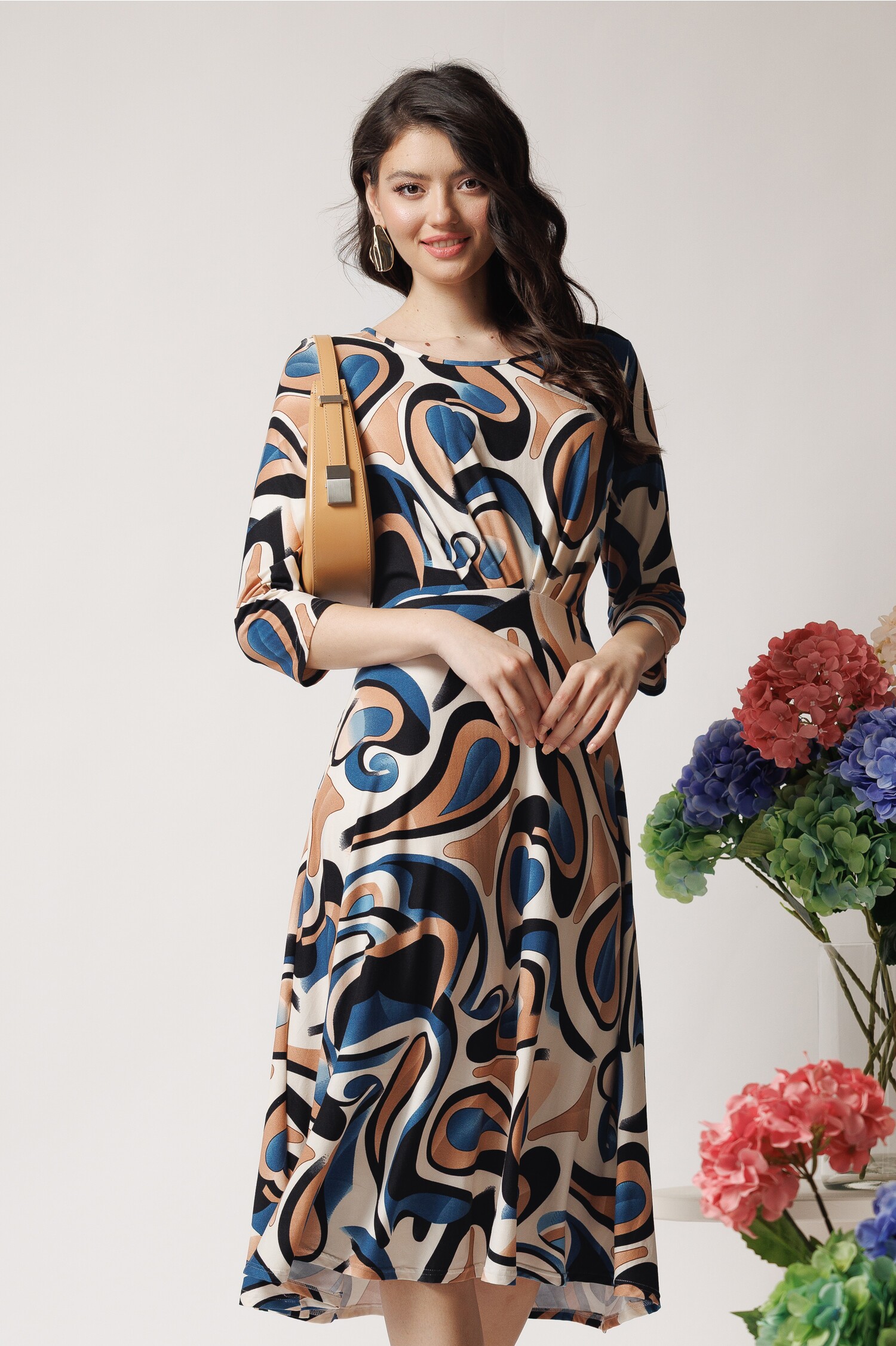 Rochie office din viscoza bej cu imprimeuri albastre
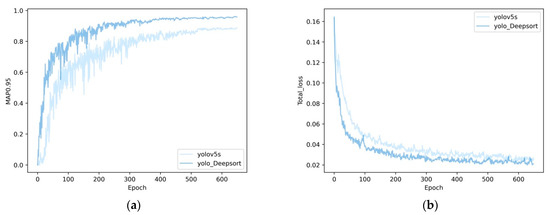 Figure 13. (a) The average mean precision of YOLOv5 s and YOLO-deepsort on the train set; (b) the total loss curve of YOLOv5 s and YOLO-deepsort on the train set.
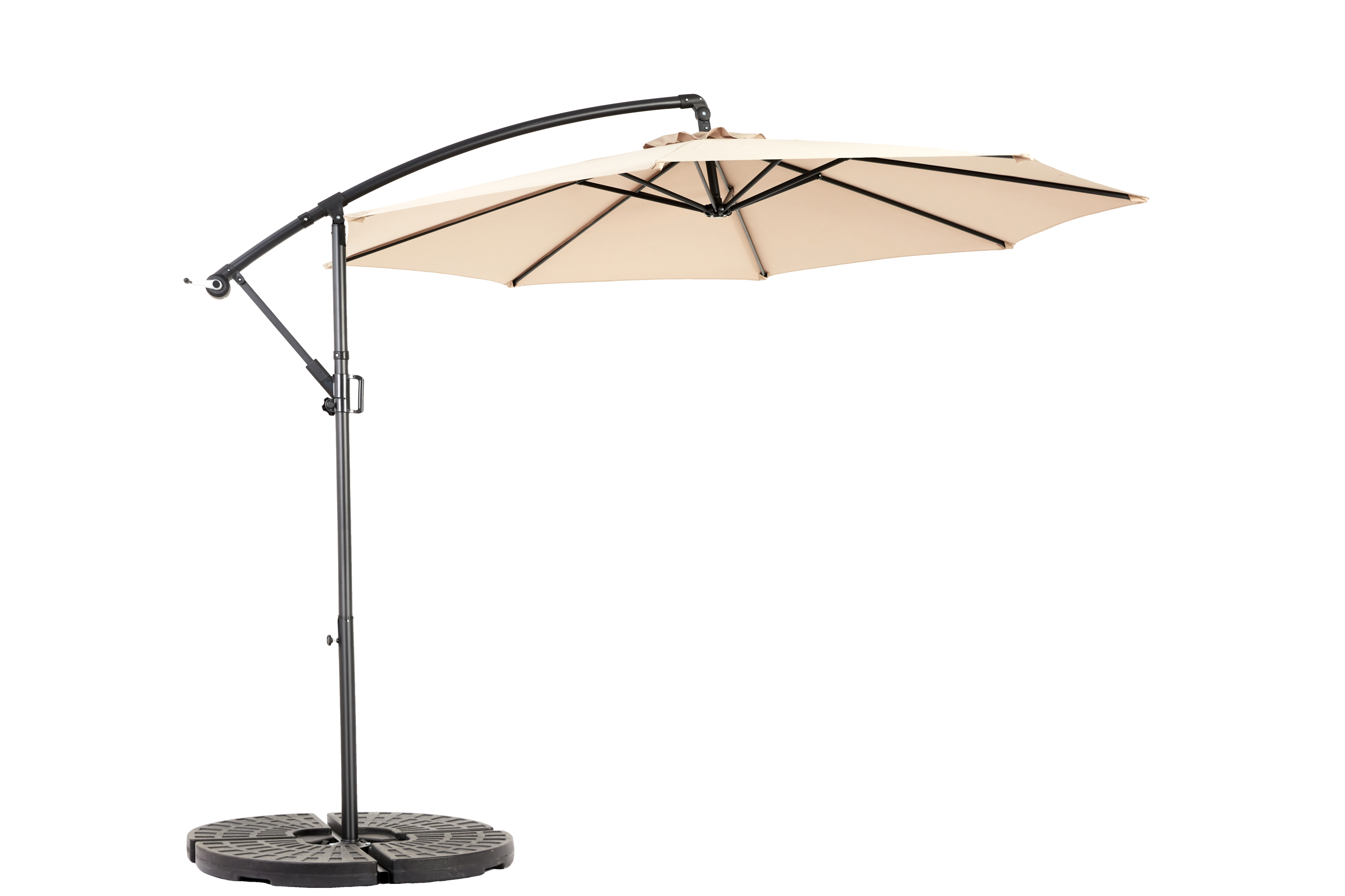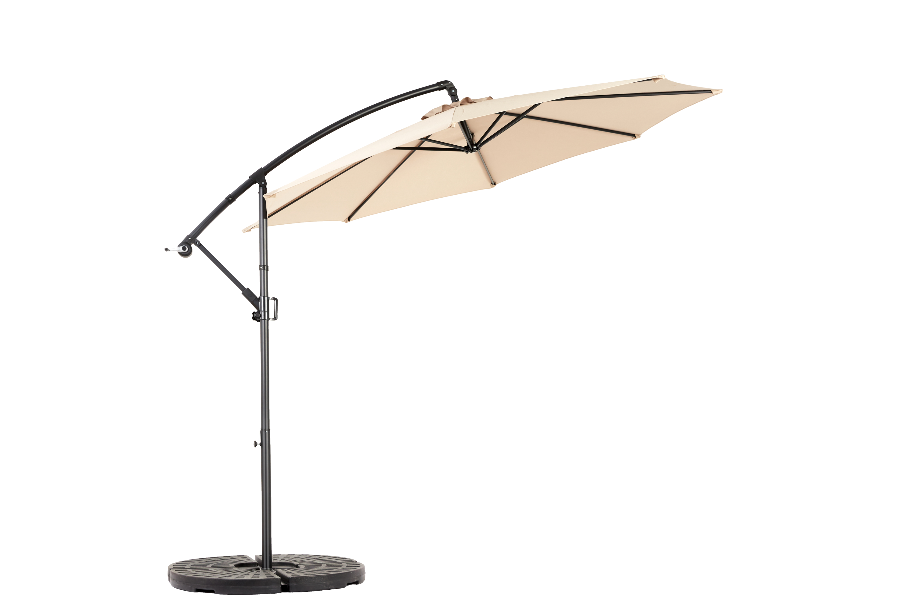 Built with 8 durable ribs for added support, this offset hanging umbrella is both sturdy and functional. The polyester fabric offers UV protection, keeping you cool while shielding you from harmful sun rays. Its sleek, modern design complements any outdoor decor, while the easy-tilt feature and crank lift system allow for effortless adjustments. Whether you're hosting a poolside party or relaxing in your backyard, this umbrella will provide the perfect shaded retreat.

REQUIRED WORK: Reprint the listing above exactly, without images.

ANSWER TO THE PROBLEM:
 Rochie office din viscoza bej cu imprimeuri albastre
 Figure 13. (a) The average mean precision of YOLOv5 s and YOLO-deepsort on the train set; (b) the total loss curve of YOLOv5 s and YOLO-deepsort on the train set.
 Built with 8 durable ribs for added support, this offset hanging umbrella is both sturdy and functional. The polyester fabric offers UV protection, keeping you cool while shielding you from harmful sun rays. Its sleek, modern design complements any outdoor decor, while the easy-tilt feature and crank lift system allow for effortless adjustments. Whether you're hosting a poolside party or relaxing in your backyard, this umbrella will provide the perfect shaded retreat.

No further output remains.